Starting Out as a Vegetarian

In the United States, there are approximately 12.4 million vegetarians. There are many reasons people consider a vegetarian diet including health, animal welfare, concerns about the use of antibiotics and hormones in livestock, or to conserve environmental resources and help with climate change.

The switch to a vegetarian diet is easier than you might imagine. The key is to take things slow. Some people start out abstaining from red meat. After a few weeks or a few months, they remove chicken from their diets, and eventually give up fish and other animal products. Others do well jumping in cold turkey. It all depends on your personality and level of preparedness.

To prepare, find appealing recipes online – especially from our website – or in a cookbook (you can get many from the library) and shop to get all the necessary ingredients. Studies show the average family usually eats the same eight to nine meals repeatedly. Start off with eight or nine good recipes that will allow you to vary your meals and not get bored. Replace any recipes that you didn’t like and add new recipes when you are feeling adventurous. Use processed meat substitutes in moderation as they can be high in calories, fat, and sodium. Make sure you read product labels or make your own vegetarian burgers – they are easy to make and you can control of all the ingredients.

One of the fun things about becoming vegetarian, is that it often spurs people to try ethnic foods that they may not have been bold enough to try before. Great vegetarian dishes can be found from Italy, India, Thailand, China, Ethiopia, Morocco, Mexico and South America.

If you have kids, try pairing a dish from Thailand with a discussion about the country, the people, the spices, to connect it to the food you are eating. You may find less resistance and more open minds to new restaurant and dishes.
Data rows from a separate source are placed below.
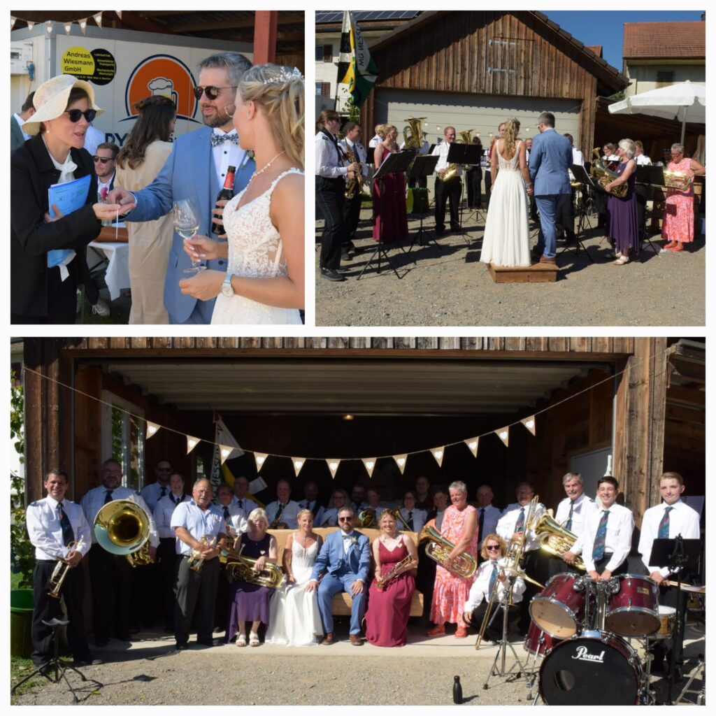 Am Samstag, 20. September, durften wir an der Hochzeit von Tanja und Roger Rieser-Ritter teilnehmen. Gemeinsam mit der Guggenmusik, in der Tanja nebst unserem Verein aktiv mitspielt, eröffneten wir das Fest musikalisch und trugen das Stück „Ewigi Liebi“ vor.
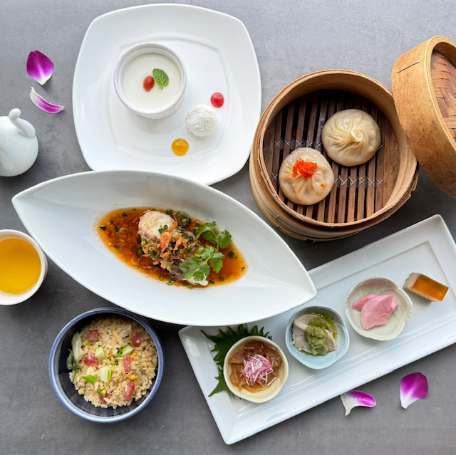 Lunch Course 3480 yen, Joe's Famous Soup Dumpling, Stir-Fried Plump Prawn with House Made Mayo, Soy Braised Shark Fin and 3 Other Dishes
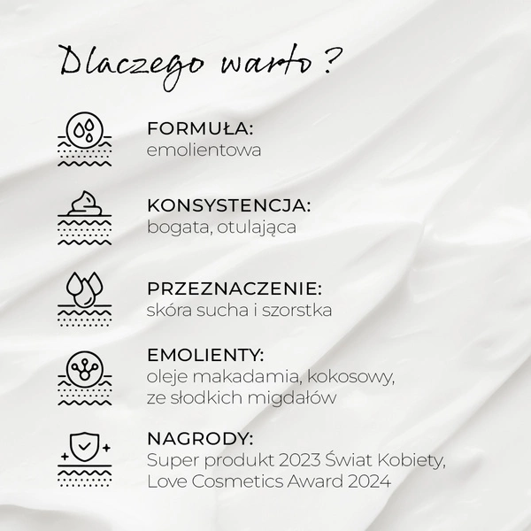 Główne emolienty: olej makadamia, olej kokosowy, olej ze słodkich migdałów
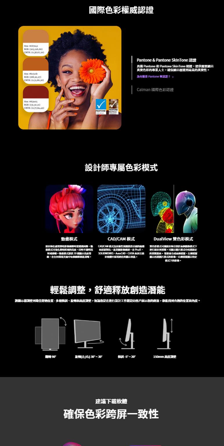『細』專業色彩與細節:領先業界均勻度、灰階管理與獨家校色軟體
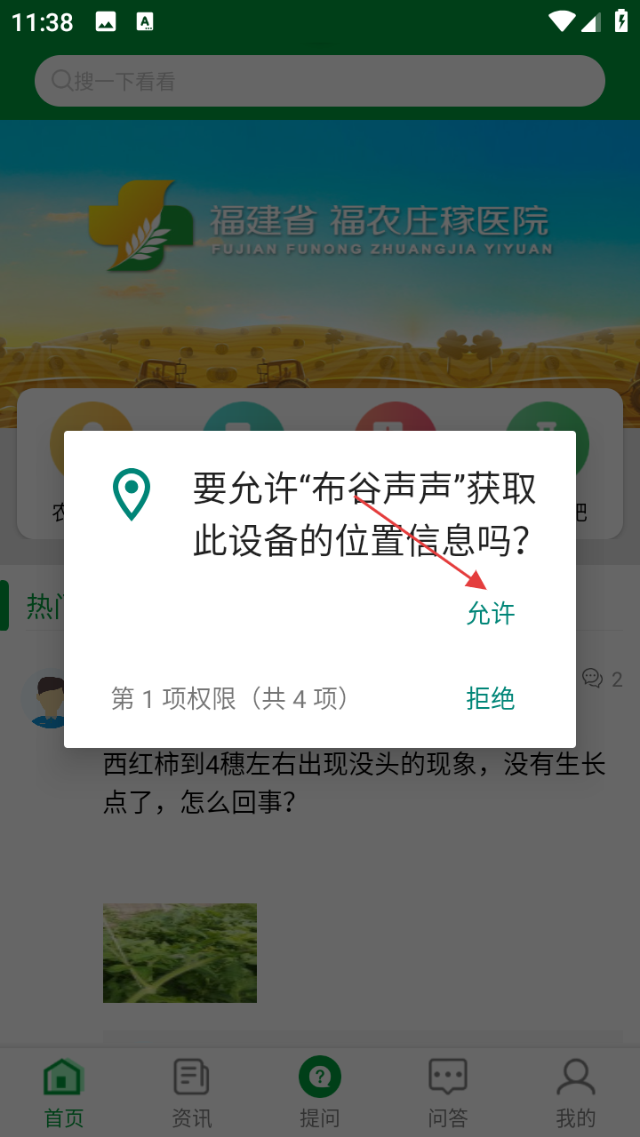 1、点【允许】,授权布谷声声获取设备位置信息,开启定位服务。
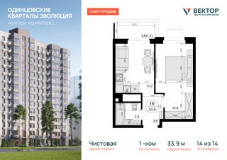 Продается 1-комн. квартира площадью 36,1 кв.м на 14 этаже 14 этажного дома в ЖК "Одинцовские кварталы Эволюция" от федерального девелопера ГК "Вектор".
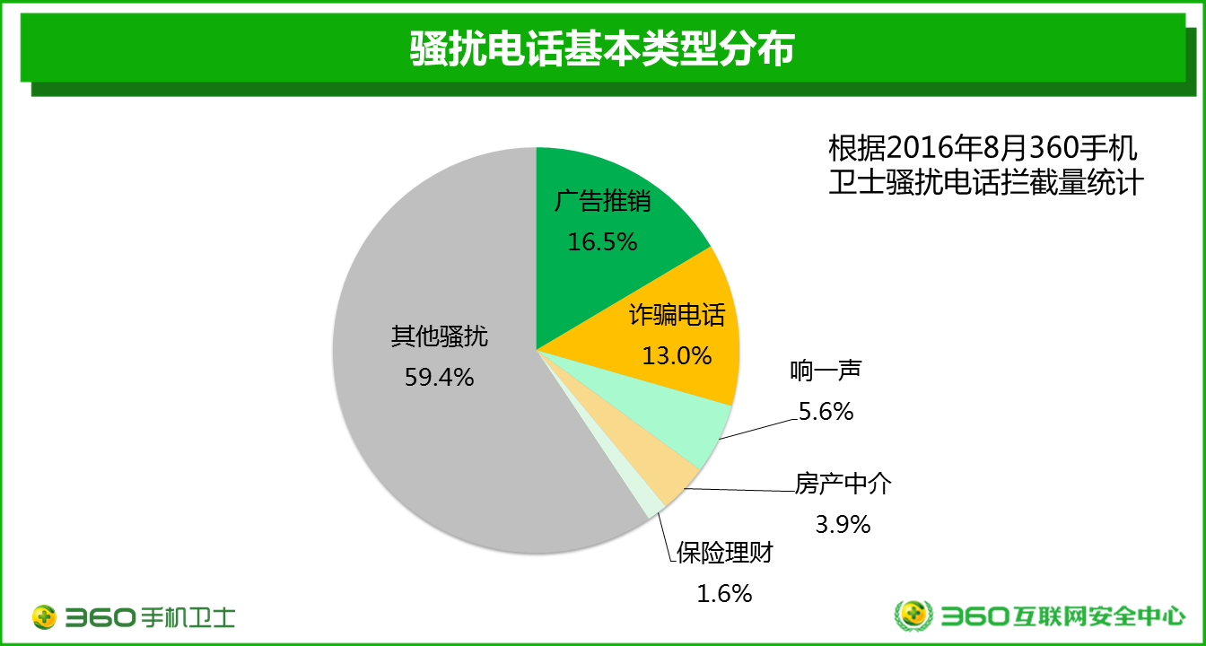 僅2016年8月,360手機(jī)衛(wèi)士就為全國用戶攔截各類騷擾電話34.3億次,平均每天攔截騷擾電話約1.11億次。其中,共攔截詐騙電話4.45億次,占到了當(dāng)月騷擾電話攔截總量的13.0%,平均每天攔截詐騙電話約1435萬次。考慮到詐騙電話可能給用戶帶來的經(jīng)濟(jì)損失和其他嚴(yán)重后果,詐騙電話顯然已經(jīng)成為危害最為嚴(yán)重的騷擾電話類型。
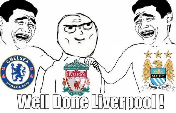 | Một bức ảnh chế được CĐV đưa lên facebook, nói về cuộc đua vô địch sau khi Liverpool đánh bại Arsenal. |
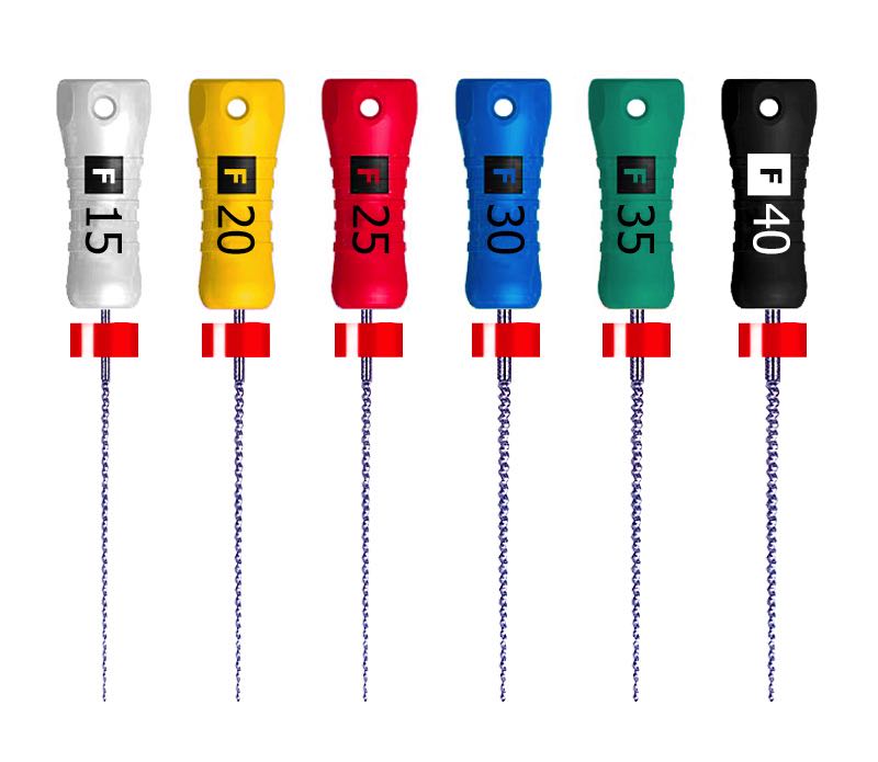 Las limas K-Flex son más flexibles que las limas “K” convencionales, principalmente en los tamaños nº 30 y superiores, lo cual facilita el tratamiento de canales curvos y su preparación con mínimas posibilidades de formación de escalones o perforaciones.
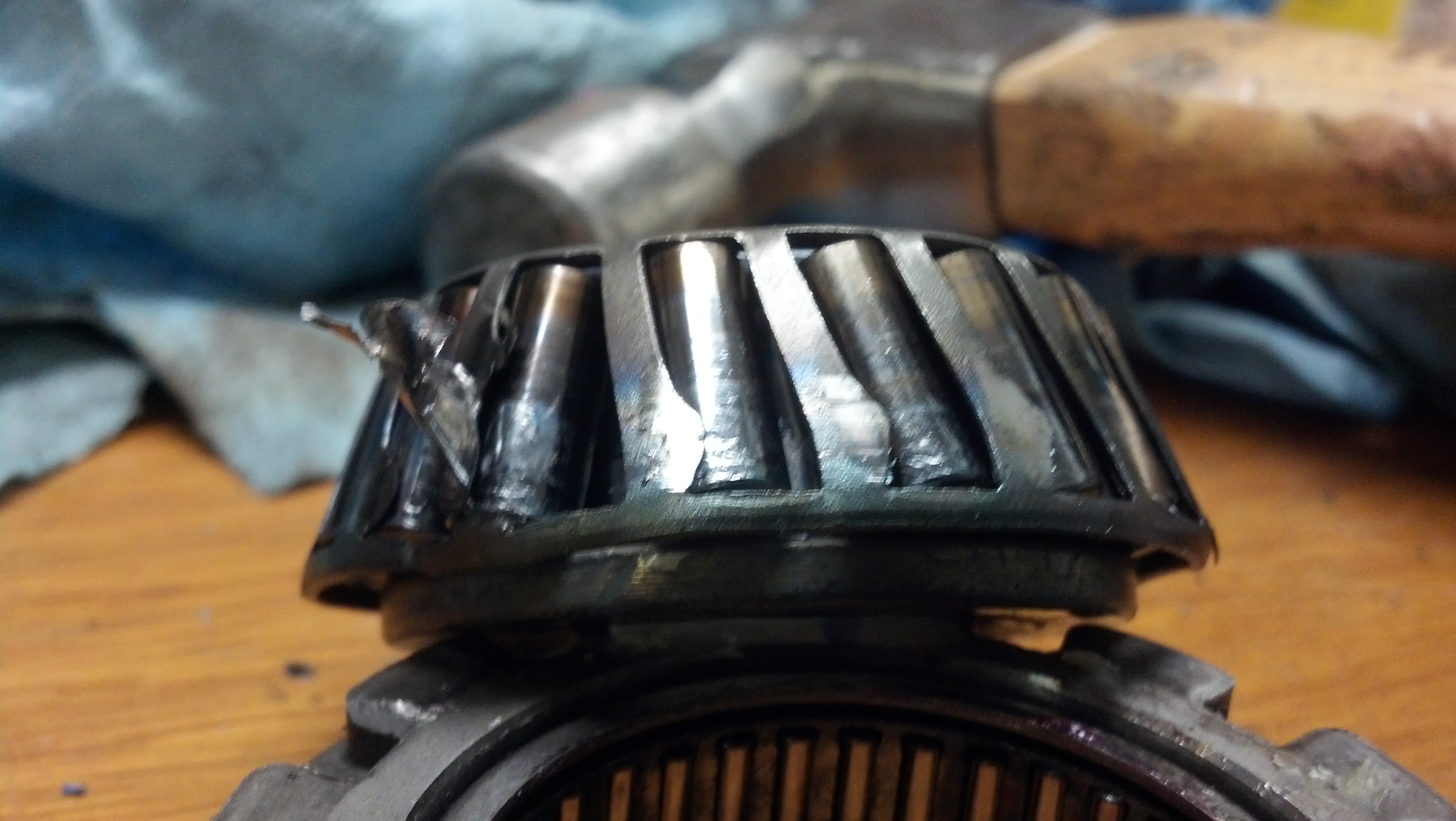 It seems the cage melted inside the bearing, seized up the pins, and then forced the pinion to attempt to rotate inside the inner race of the bearing until that galled up. My guess is that is why there are two distinct portions of ring gear teeth missing.
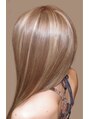 ミルクベージュですね☆うっすら茶味を入れているので汚らしくなく品があります☆メッシュも極力黄味をとり、クリーミーにしてみました。ちなみに肩から下は全てエクステです☆
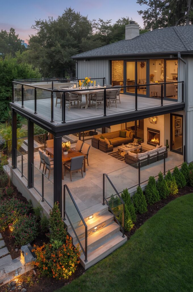 Split your backyard patio into levels—one for dining, another for lounging. Add glass railings for a chic finish.
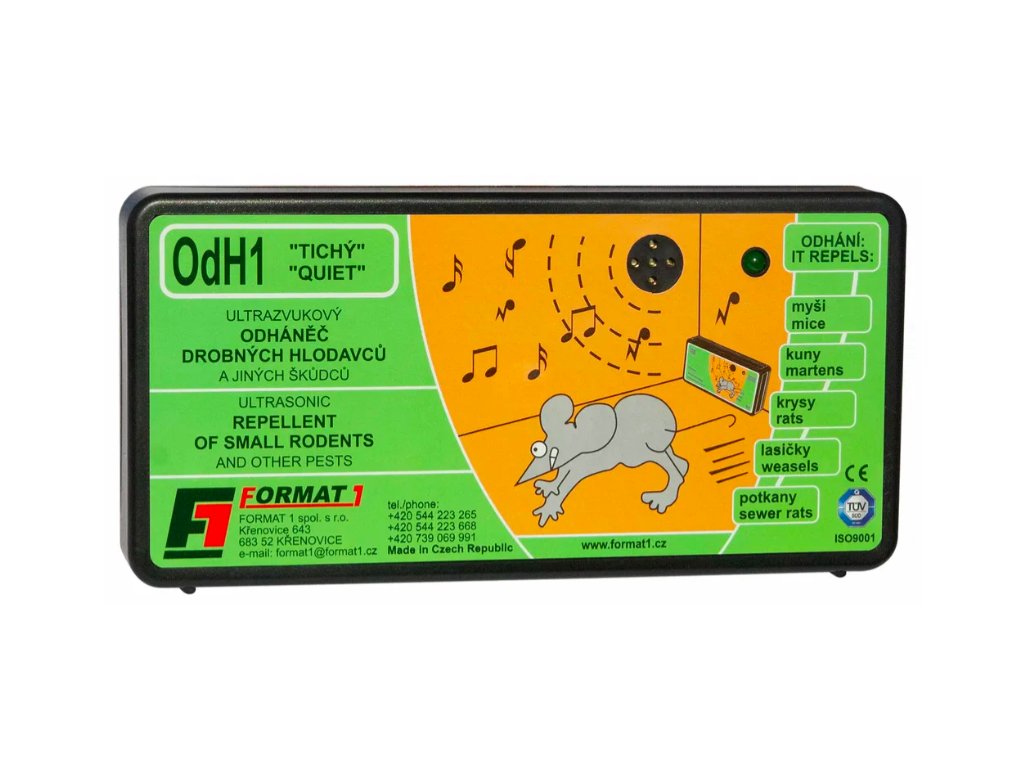 ODH1 tichý plašič je kvalitní český ultrazvukový plašič určený k odpuzování myší, krys, kun, lasiček a potkanů. Využívá bezpečnou a humánní technologii bez chemie – neškodí člověku ani domácím zvířatům a lze jej bez obav používat i v obytných prostorách.
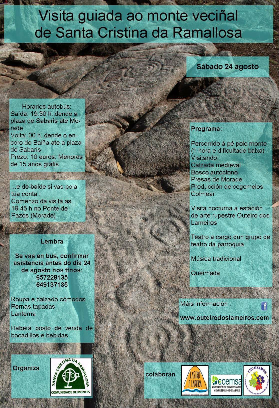 E outra entidade veciñal que apoia a conservación e promoción do seu patrimonio arqueolóxico: a Comunidade de Montes de Santa Cristina da Ramallosa, en Baiona, organiza para este sábado 24 de agosto unha visita aos petróglifos de Outeiro dos Lameiros. É un exemplo de “como se lo montan” os que apostan polo patrimonio arqueolóxico como motor de dinamización económica. Cómpre prestar atención ao cartaz:
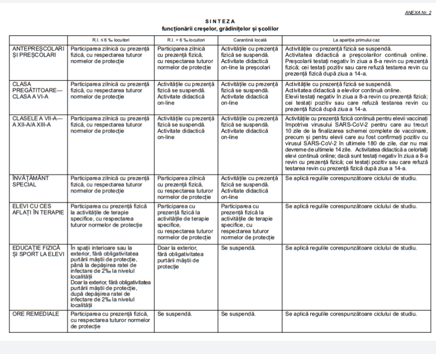 Ordinul pentru aprobarea măsurilor de organizare a activității în cadrul unităților/instituțiilor de învățământ în condiții de siguranță epidemiologică pentru prevenirea îmbolnăvirilor cu virusul SARS-CoV-2 a fost publicat astăzi în Monitorul Oficial. Scenariile rămân cele deja anunțate: cursuri cu prezență fizică pentru toți preșcolarii și elevii până la pragul de 6 la mie, cursuri online după depășirea pragului de 6 la mie; excepție fac antepreșcolarii, preșcolarii și elevii din învățământul special.
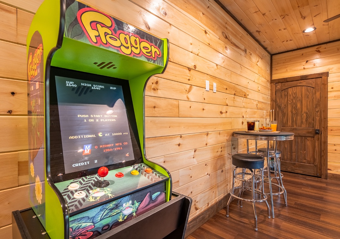 On the main level, the open living area invites you to gather around the cozy electric fireplace while watching your favorite shows or movies on the 55" TV with Roku Box. Step outside to the spacious back deck where the fun continues with a propane grill for cooking up delicious meals and a propane fire pit perfect for evenings spent sharing stories under the stars. The real showstopper, however, is the fully equipped game and theater room. Designed for hours of enjoyment, this space features plush theater seating arranged in front of a 55" TV with Roku Box and DVD player for a true cinematic experience. In between movie marathons, you can rack up a game on the pool table, challenge your family to a round of corn hole, or take a trip down memory lane with the classic Ms. Pac-Man arcade machine. When it’s time to wind down, head to the lower level deck and slip into the private hot tub. The soothing jets and peaceful wooded views make it the ideal way to relax after a full day of fun.
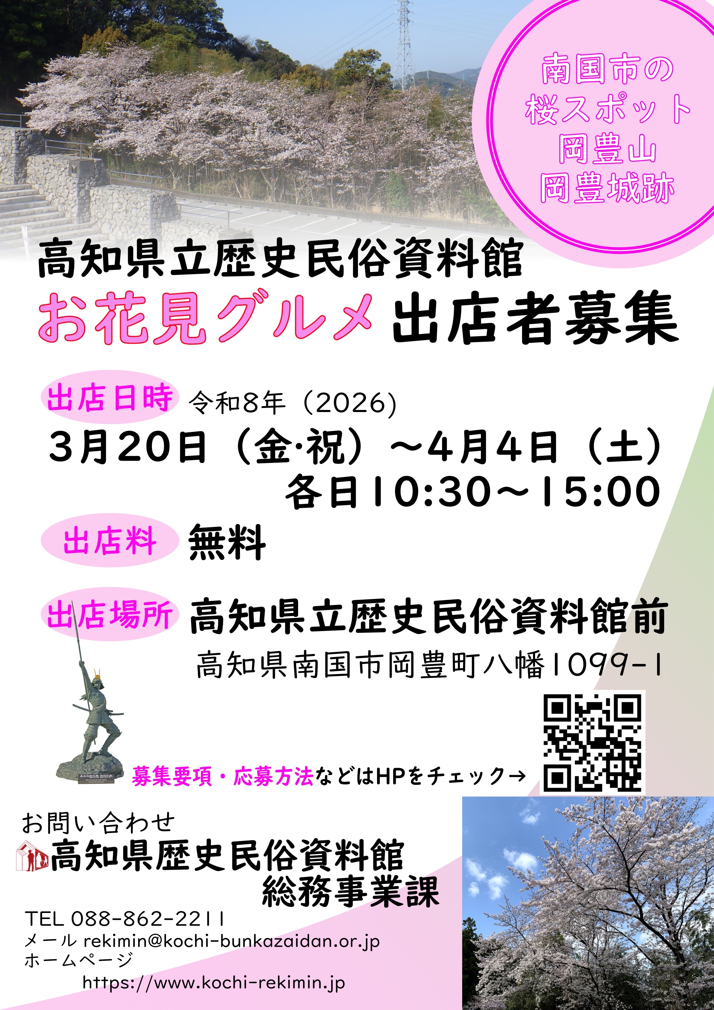 令和8年2月25日(水) 17時まで | 出店者募集 希望者は、FAX(088-862-2110)・Mail(rekimin@kochi-bunkazaidan.or.jp)・郵送または持参(〒783-0044 南国市岡豊町八幡1099-1 高知県立歴史民俗資料館)のいずれかの方法で応募してください。 |
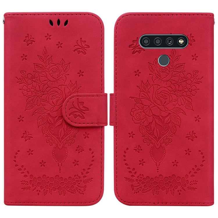 Funda de Cuero para LG K71 Stylo 6 con Relieve de Mariposa (Rojo)
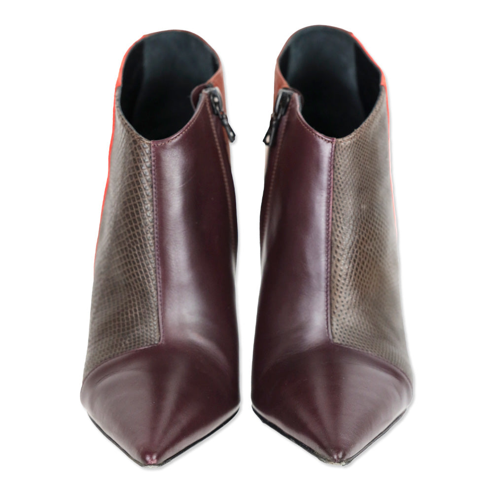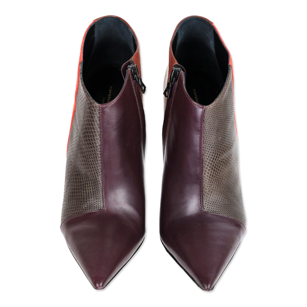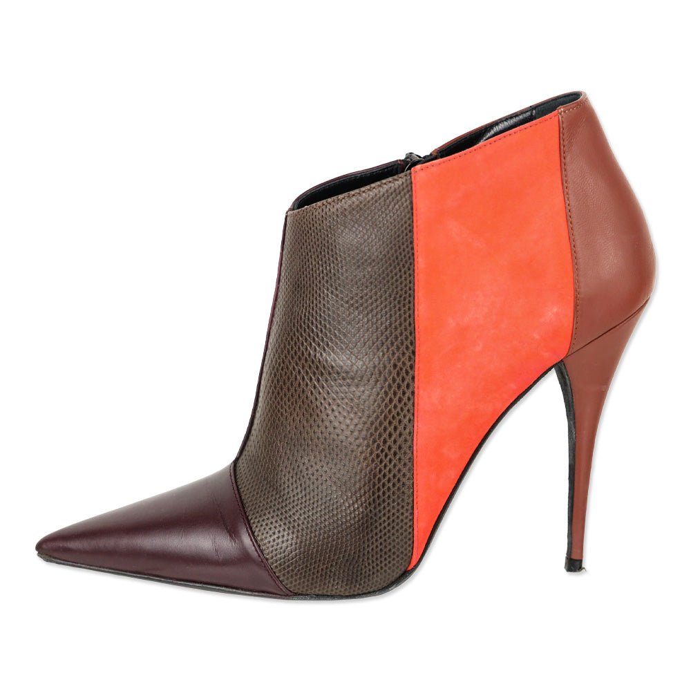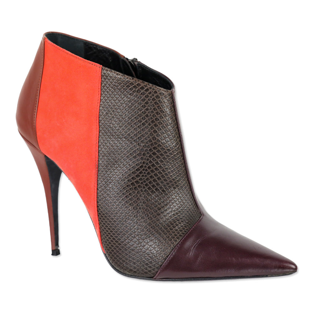 Narciso Rodriguez booties, colorblock ankle boots, size 38.5 boots, multi-material boots, 4.25 inch stiletto boots Artistic colorblocking, architectural heel, mixed materials, wearable art, fashion-forward design, statement craftsmanship
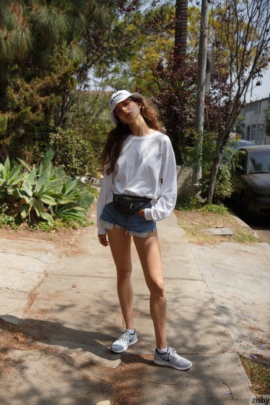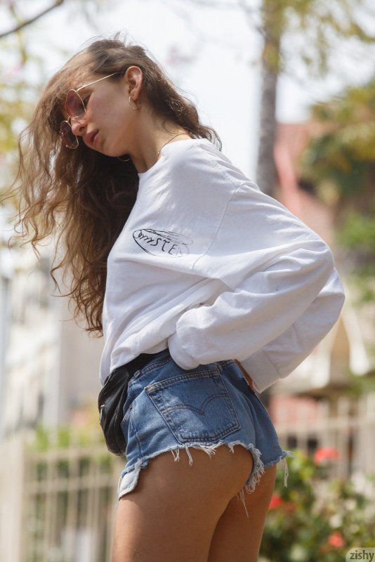 Подышав свежим воздухом на улице и вернувшись домой, очаровательная развратная девушка сменила коротенькие шортики на возбуждающий боди и начала позировать полуголая. В процессе молоденькая крошка закрывалась в ванной комнате и прогнувшись раком выставила на показ сочную подкаченную попку, а так же показала нам свои натуральные сиськи.

If you are cooking for others that may not be eating vegetarian, then you can easily modify some of the dishes you are making to allow for a vegetarian portion. For example, if you are you making pizza, simply substitute meat for vegetables on part of the pizza. If you enjoy pasta, make it primavera style or substitute marinara for meat sauce for your portion. Taco night can be substituted with a simple and incredibly flavorful black bean enchilada casserole. Breakfast can consist of yogurt, substituting almond or coconut yogurt if desired, and protein muffins with fruit. When family members are having sandwiches, make a delicious Italian style pepper and egg sandwich – you won’t miss the meat!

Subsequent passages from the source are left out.